Na ostatnim F2F mogliśmy zobaczyć Kamila Łaszczyka i Amadeusza Ferrariego. Jest to bardzo elektryzujące połączenie i już na pierwszy rzut oka widać, że zawodnicy nie pałają do siebie sympatią. Ostatnio bardzo modne stały się zakłady między zawodnikami i włodarzami. Idąc za ciosem widz, który dodzwonił się do studia, postanowił zaproponować ciekawą propozycję Ferrariemu i Łaszczykowi. Cała zakład miał dotyczyć wygranej bądź przegranej walki każdego z zawodników. Widz powiedział, że jeśli Amadeusz przegra walkę będzie musiał na zawsze wyrzec się swojego tytułu „władcy piekieł”, natomiast jeśli przegra Kamil będzie musiał podczas mistrzostw świata wyjść w spodenkach z imieniem i nazwiskiem Ferrariego. Obydwaj zawodnicy zgodzili się na taką propozycję, a zakład został przyklepany.

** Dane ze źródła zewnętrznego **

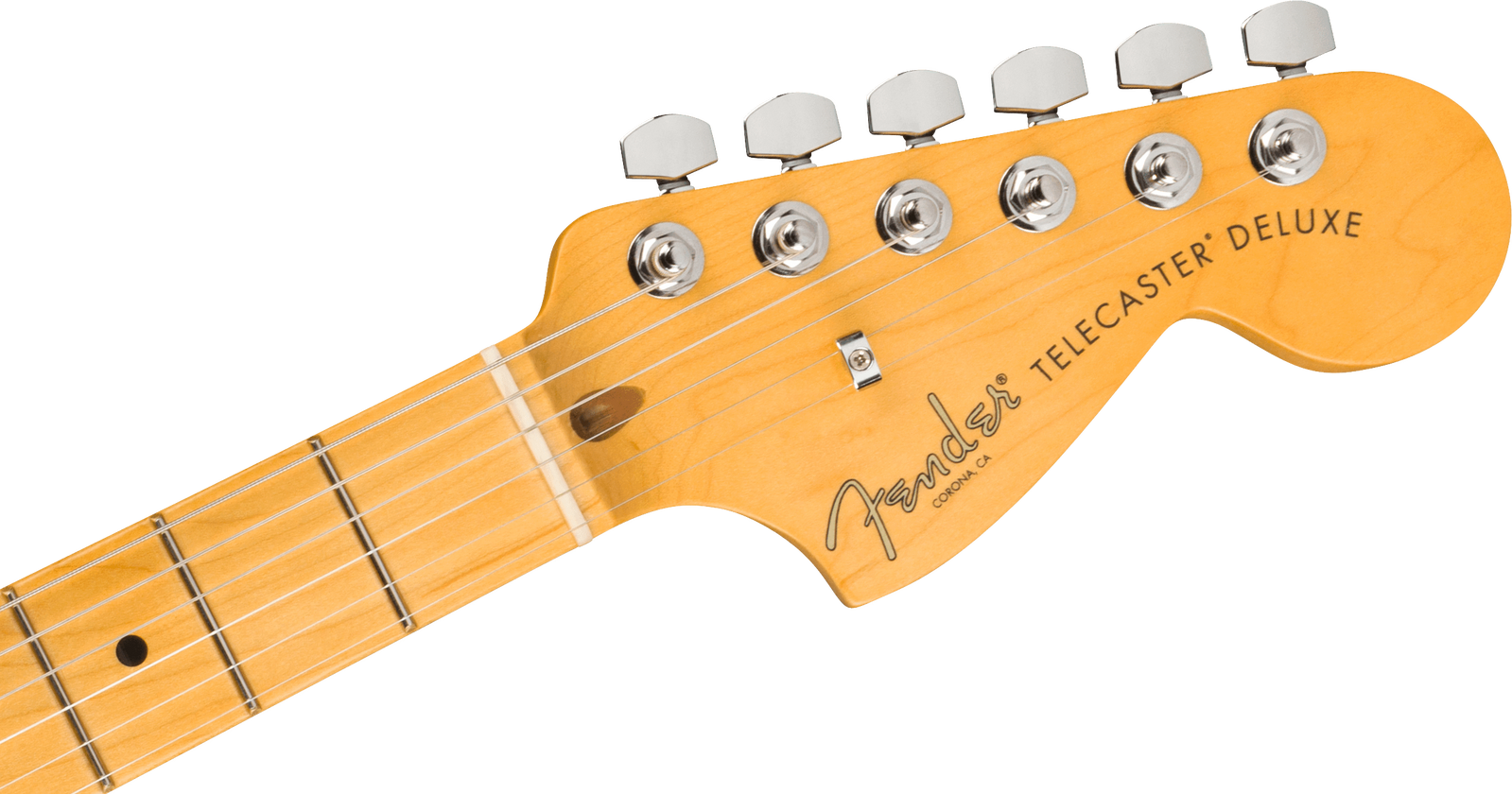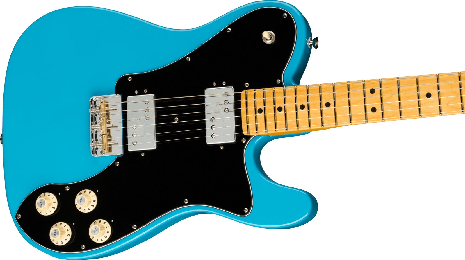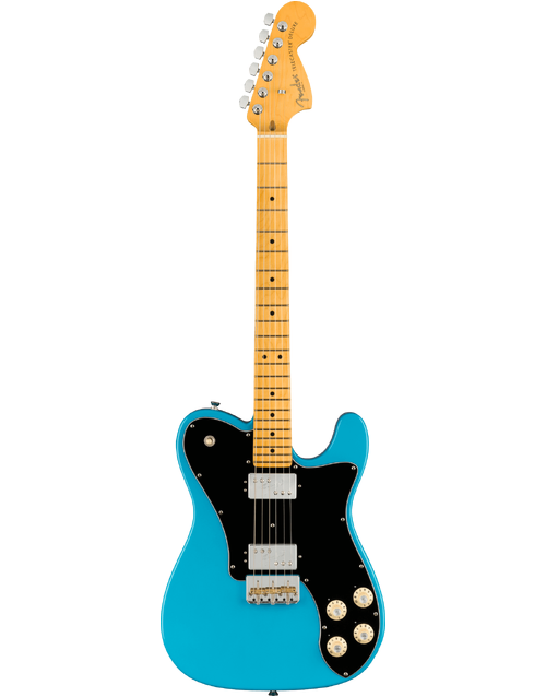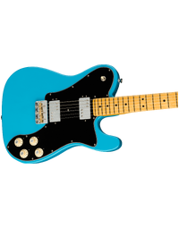 The Fender American Professional II Telecaster Deluxe MN, finished in Miami Blue, is designed for players, drawing on over 60 years of Fender inspiration, innovation, and evolution. Comfortably play your favourite licks for hours, with a sculpted neck heel, Deep "C" profile Maple neck, with 'Super-Natural' satin finish, and a Maple fingerboard with 22 Narrow Tall frets and smooth rolled fretboard edges. A pair of V-Mod II DoubleTap humbucking pickups make for the most articulate Tele Deluxe tone Fender has ever created, with a range of full, punchy humbucking tones and twangy, robust single-coil sounds. A classic Tele Deluxe style "cut" 3-saddle top-load, string-though bridge with compensated saddles gives this Tele the most comfortable to play, and flexible to set-up bridge yet. This bridge maintains the classic look and tone associated with the Tele Deluxe, while allowing for the most tailor-made set-ups available on a Tele, with the tension and tone of each string able to be individually adjusted.

Ferrari o planach na kolejną walkę
Amadeusz poinformował nas o planach na swój kolejny pojedynek w oktagonie. Powiedział, że w przypadku wygranej z Kamilem Łaszczykiem, chciałby zmierzyć się z Tomaszem Adamkiem. Jest to bardzo ciekawe zestawienie, które z pewnością zainteresowałoby widzów. Kamil oczywiście wyśmiał takie zestawienie i powiedział, że Amadeusz nie miałby z Tomkiem żadnych szans.